Staying with the 90:10 split, employees would pay a cumulative $2,109.43 more per month, and the town would pay $18,975 more per month.
The increase per employee would be $4.78 if just the employee is covered, and $14.28 more for full family coverage.
Clifton said he checked prices from various insurance companies and the town’s current provider, Rocky Mountain HMO, is the most competitive.
“At the end of the day, the two policies we are quoting represent the floor,” he said. “I didn’t include a $3,000 deductible. If you have big claims on our current $1,500 deductible, you are on the hook for 25 percent of your hospital bill. You are still pretty vulnerable to bankruptcy if you have a big claim.”
Clifton said when he started working for the town in 2006, the deductible was $600. Then it went to $1,200, then $1,500.
He wanted trustees to decide what the town will pay, then give employees options, including paying more to stay with the $1,500 deductible.
Trustee Gabe Candelaria objected, “The budget isn’t balanced, and we’re talking about another increase in expenses. … It was 18 percent last year and 25 percent this year.”
Clifton proposed to pay the increase out of reserves.
“We have to avoid putting people against each other’s interests,” Clifton said. “Every decision we made was in the employees’ interest. The person that has never used insurance will want the least impact to their paycheck. Those who have used it will want better coverage.”

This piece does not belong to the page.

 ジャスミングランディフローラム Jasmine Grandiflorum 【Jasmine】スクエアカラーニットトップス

Mayor Rick Smith wanted the town to pay all the increase if the deductible goes to $2,000. “If we can’t give a pay raise, and we can’t, I hesitate to monkey with the insurance or it’s a pay decrease.”
Public Works Director Ron Saba commented, “I think it’s very admirable what you are doing. I had to borrow $5,000 today or have 50 percent of my wages garnished” to cover his share of a $16,000 surgery. “I wasn’t in the hospital one day,” he said.

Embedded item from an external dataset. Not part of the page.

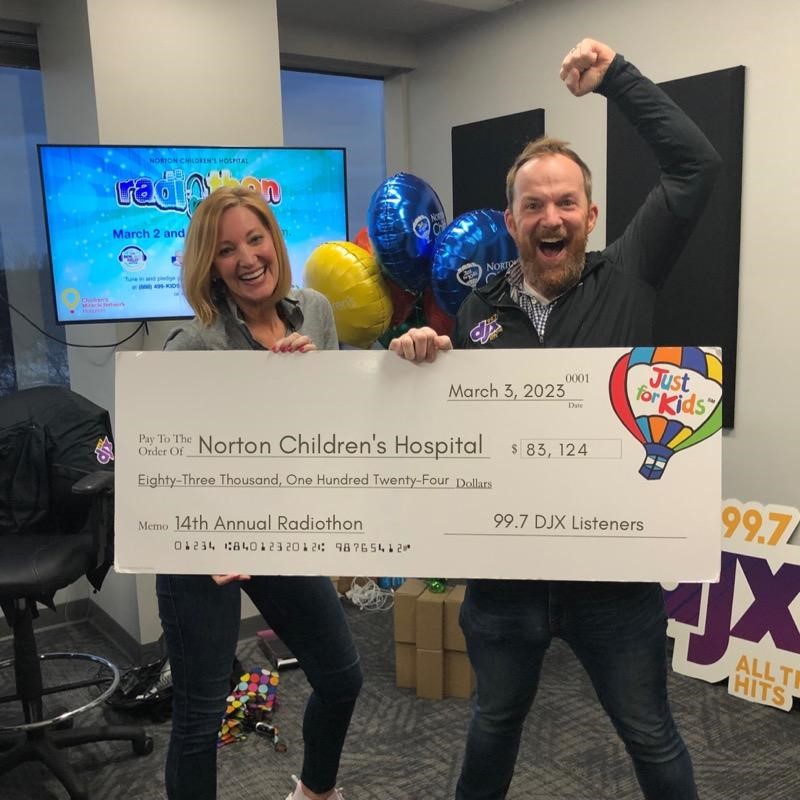 In addition, the station and show are also celebrating raising $83,124 for NORTON CHILDREN'S HOSPITAL. Their 14th Annual Radiothon took place over the course of 2 days and 24 hours. This money helps KENTUCKY's only free-standing, full-service pediatric care facility dedicated exclusively to caring for children, and is an advocate for the health and well being of all children - regardless of families’ ability to pay.

Saba continued, “I make more than all my guys. I told them the blunt truth. The town, it just can’t keep going on. Something is going to have to change.”
If premiums go up another 20 percent for 2011, Saba said, “We are done.”
Trustee Dan Ford suggested the town could switch to giving the employee $600 a month to cover insurance, and they can use it for the deductible or family coverage that they choose. An employee would pay an additional $226 for family coverage, he said.
Clifton said the drawback there is that 75 percent of employees have to be covered to qualify for group coverage. If the healthy employees opt out for cheaper individual coverage, so the town no longer qualifies for group coverage, some employees won’t be able to get insurance.
Ford, calling himself the Grinch, said, “I’m not in favor of the town picking up a lot of the increase. Sales tax down 17 percent in October scares me to death. Very little of the increase should be picked up by the town.” The employees have it pretty good compared to millions of Americans who have no insurance, he said.
Clifton responded, “If sales tax continues to decline, we could be doing furloughs. I want to minimize the impact to employees today and tomorrow.”
Candelaria commented, “The employees and the town are in this together. It should be 50:50. They should absorb half the increase.”
That’s like a 10-percent pay cut for someone making $13 or $14 an hour who has family coverage, Clifton said. “Some people are on a razor’s edge. Our salaries, the way we have remained competitive is with the benefits.”
Smith said, “Tell them we’ll absorb this one, but not next year.”
Trustees voted 3-2 to pay 90 percent of the premium increase for the $2,000 deductible, with Smith and Ford voting no. Ford wanted the lowest impact on the town budget, while Smith wanted the town to cover all the increase for 2010.
Smith advised, “We need to begin education with staff that next year we can expect another large increase, and the town can’t pick it up. So it’s not a total shock a year from now.”